Fees: great for users, less exciting for miners

Low demand for blockspace generally means lower transaction fees (again, see the low sat/vB levels shown by mempool.space).
For everyday users, that’s a win: cheaper sends, easier UTXO consolidation, lower friction.

For miners, fees are part of revenue. Lower fees can squeeze miner economics—especially if BTC price is also down—although miners are still primarily supported by the block subsidy.

“Is this bad for Bitcoin?”

A quieter chain is not automatically a security threat. Bitcoin’s security model is about hashrate and incentives, not the number of daily tweets about “on-chain activity.” But activity does matter as a sentiment and adoption indicator—especially when the slowdown is persistent.

Does low activity predict price weakness?

ForkLog’s CryptoQuant citation points to a historical rhyme: the analyst says a similar move happened in 2024, and Bitcoin saw a roughly 30% correction from peak.
That’s a useful reference point—but it’s not a law of physics. On-chain activity can lag price, lead price, or simply reflect that participants are exhausted and waiting.

Here’s a more grounded way to think about it:

  • If activity is low because people are capitulating and leaving, price can struggle until new demand arrives.
  • If activity is low because sellers are exhausted, it can actually be consistent with a bottoming process.
  • If activity is low because users migrated to other rails, price may detach from the “activity narrative” entirely.

That’s why watching one metric in isolation is risky.

What to watch next

If you want to track whether this is “healthy quiet” or “demand problem,” focus on confirmations:

  1. Active addresses trend
    Are readings stabilizing or continuing to bleed? (Glassnode updates daily.) 
  2. Transaction count and fee pressure
    Do transactions and fees pick up during rallies—or stay muted even when price bounces? 
  3. Signs of spot demand returning
    ForkLog’s piece emphasizes watching signals like the Coinbase premium turning sustainably positive. 
  4. ETF flow regime
    If outflows slow or reverse, it can coincide with renewed risk appetite and higher settlement activity. 

Bottom line

Bitcoin’s on-chain activity has been trending down for six months, according to CryptoQuant as cited by ForkLog, and multiple indicators suggest the network is in a quieter-than-usual phase.

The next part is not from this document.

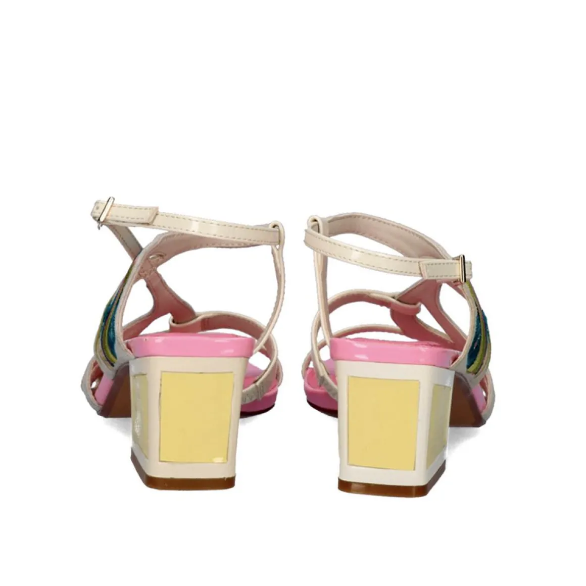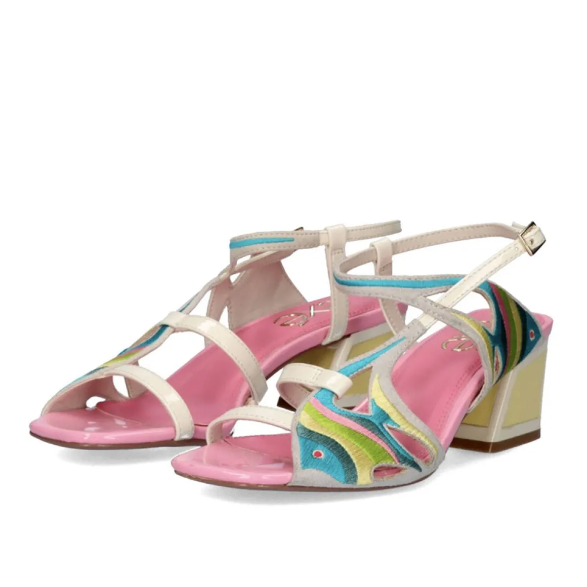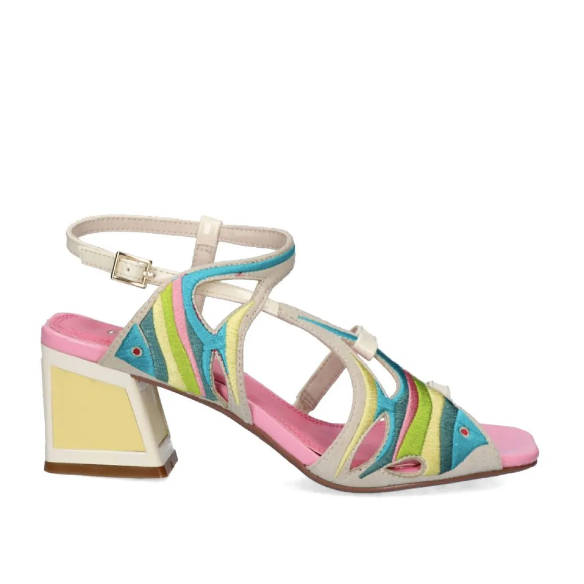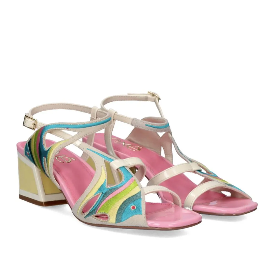 Sandalia Feita De Material Sintetico Com Salto Baixo E Fecho Da Fivela. Suas Tiras Tem Dois Bordados Em Forma De Peixe. Altura Do Calcanhar De 3 Cm E Palmilha De Couro.

Lower fees and subdued participation can reflect weak demand—but they can also reflect consolidation, efficiency, and a market catching its breath after a drawdown.

In 2026, the most useful question isn’t “Is activity low?” It’s: does activity start rising when price tries to recover? If it does, that’s the kind of confirmation bulls look for. If it doesn’t, the market may be telling you that it’s still early in the reset.